- Born: 11 February 1863 Condeixa-a-Nova, district of Coimbra, Portugal
- Died: 15 November 1949 (aged 86)
- Known for: Photography
- Spouse: Luiz Cipriano Coelho de Magalhães

= Maria Lemos de Magalhães =

Portuguese photographer (1863–1949)

Maria da Conceição de Lemos Magalhães (1863–1949) was the most prolific female amateur photographer of the early 20th century in Portugal. She explored themes related to the land and the sea, rural work, and women in natural environments and also studied the chemistry of photography.

==Early life==
Magalhães was born as Maria da Conceição de Lemos Pereira de Lacerda Sant'Iago on 11 February 1863 in Condeixa-a-Nova in the district of Coimbra in the centre of Portugal. She was the daughter of Ramalho Pereira de Azeredo Coutinho (1812–1895), who had the rank of Count, and Amelia da Madre de Deus Sant'Iago (1841–1897). In 1884 she married, in Porto, a politician and journalist, Luiz Cipriano Coelho de Magalhães (1859–1935). They lived in Moreira da Maia in the Greater Porto area, and were to have four children.

==Photography==
It is unclear how or why Magalhães took up photography, but by the early 20th century she was becoming well known both in Portugal and abroad. She was certainly exposed to artistic influences at her home, known as the Quinta do Mosteiro, which hosted influential writers and painters. Additionally, her husband had close connections with the Portuguese Royal Family, several of whose members were involved in photography. When the Royal Family was exiled to London after the 5 October 1910 revolution against the monarchy, her family accompanied the deposed king to London, not returning until 1914 after her husband was granted an amnesty. Little is known about her photography after she returned to Portugal.

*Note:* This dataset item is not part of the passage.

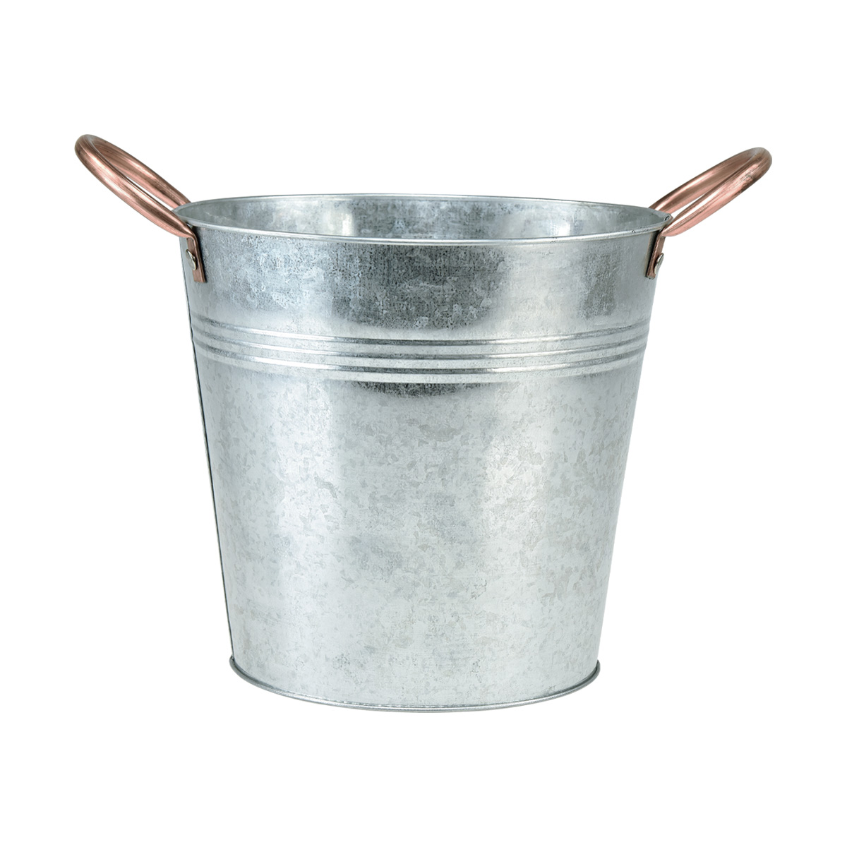 Als Blumentopf ist dieser Eimer mit Griffen eine ebenso einfache wie stilvolle Deko-Idee. Bringen Sie ein Stück ländlichen Charmes in Ihr Zuhause oder Büro und setzen Sie Ihre Pflanzen perfekt in Szene. Die Metall-Deko ist nicht nur äußerst robust, sondern auch ein echter Hingucker dank der attraktiven kupferfarbenen Griffe und des silberfarben verzinkten Körpers.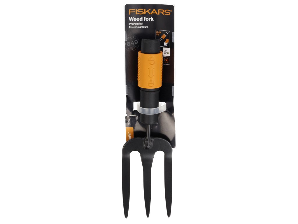 Ravna vilica pogodna je za presađivanje, uzgoj i uklanjanje korova. Radni dio izrađen je od borovog čelika. Sustav QuikFit omogućuje kombiniranje različitih vrtnih alata s jednom ručkom. Preporučena ručka: S i M. Širina: 77 mm, duljina: 273 mm, težina: 215 g. Izvorni Fiskars broj: 137552. Izvorni FIS broj 1000729.

She paid close attention to laboratory processing and studied the chemistry applied to photography. Using up-to-date photographic techniques such as bromoil, she gained recognition through exhibitions and through the publication of her photographs in both national and foreign periodicals. In 1906 she exhibited at the Salon du Photo-Club de Paris, and a year later in Turin at the International Exhibition of Artistic and Scientific Photography. Her magazine contributions included the British magazine, The Studio, with her 1908 work, Cloud Effect. The following year, Passing Boat was published in the Portuguese Boletim Photographico, which also published other photographs by her. In the same year she participated in the International Exhibition of Photography in Dresden, and in the Portuguese Exhibition of Modern Amateur Photography. In May 1910, she took part in the Exhibition of Artistic Photography, held by the Portuguese Society of Photography, of which she was an invited member of the founding group of photographers.

==Other activities==
Magalhães was president of the Porto branch of the Portuguese Women's Assistance to Victims of War, an association promoted by the aristocracy. Her son, Jose, is believed to have fought in World War I, and to have died from war wounds in 1922. An image captured before his departure for the war is the last she is known to have taken. In 1945 she donated to the National Museum of Contemporary Art of Chiado in Lisbon a portrait of the Azorean writer, Antero de Quental, by Columbano Bordalo Pinheiro.

==Death and legacy==
Magalhães died on 15 November 1949. She left a vast body of work that was never published in her lifetime. Her photographic estate is divided between the collections of the Mascarenhas Gaivão Family, the Casa de Mateus Foundation, and of Rita van Zeller, her great-granddaughter.

An exhibition of her work was held at the National Museum of Contemporary Art of Chiado in Lisbon at the end of 2025. The exhibition also included the photographs of two other early Portuguese women photographers, Margarida Relvas and Mariana Relvas, respectively the daughter and second wife of the noted photographer, Carlos Relvas.